第166話 人理に背きしもの篇③ ご主人様はテロリスト?〜さらば人工知能進化研究所

 *



「なるほど。シリアの事件はあんたが……。そういうことをしていたわけなのね……」


 まるで自分に言い聞かせるように。

 そう呟いたのは心深だった。

 彼女は誇らしげに顔を上げ、タケルを見つめる。

 その目は、何か眩しいものを眺めるように細められていた。


「スミスと名乗った男は言っていたわ。あんたは凶悪なテロリストなんだって。そしてエアリス先輩はテロリストの走狗となったあんたに与えられた内縁の妻で、性奴隷なんだって」


 タケルは「そんな馬鹿な……!」と不機嫌になった。テロリスト扱いされていたのもそうだが、エアリスのことまでそんな風に言われて心中穏やかではいられない。だと言うのに当の本人エアリスはどこまでも呑気だった。


「うむ。別に間違ってはないな」


『いやいや、妻じゃないし、断じて性奴隷でもないでしょう!』


「そんなものは誤差の範囲だ」


『でっかい誤差ですねえ、え? 乳デカ女、妻扱いされてちょっと喜んでるんじゃないですよ!?』


「はて、なんのことやら……」


 エアリスは腕を組みながらプイッと明後日の方を向いた。


「いいなあエアリス。でも『せいどれい』ってなんだろう?」


 セレスティアは「ねえねえ、お父様、せいどれいってなに?」とタケルを困らせるも、心深は気にせず話を進めるのだった。

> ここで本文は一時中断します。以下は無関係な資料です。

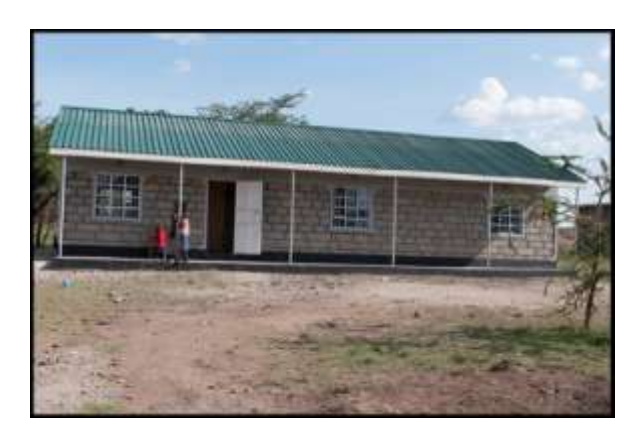
The new maternity unit with equipment funded by the charity - 2012

「とにかく、私はスミスの話を信じたわ。春先から姿を消したあんたが、外国に行ってテロリストになったんだって。そうしてあんなボロボロの身体になっちゃったんだって、もうそれしかないって思った」


「心深、おまえ……」


 何を言い出すんだ、とタケルは笑い飛ばすことができなかった。

 彼女の身になって考えて見れば、それも無理からぬことだと思った。


 突然消えた幼馴染の男の子。

 数カ月ぶりに再会してみれば、昔とはまるで違う立場と名前。

 おまけに隣には見知らぬ異国美女を侍らせて。


 テロ組織に身をやつし、そこで現地妻を与えられたのだと言われれば信じてしまうかもしれない。奇しくも今の時代はそんな嘘話すら許容できてしまう潮流にあるのだ。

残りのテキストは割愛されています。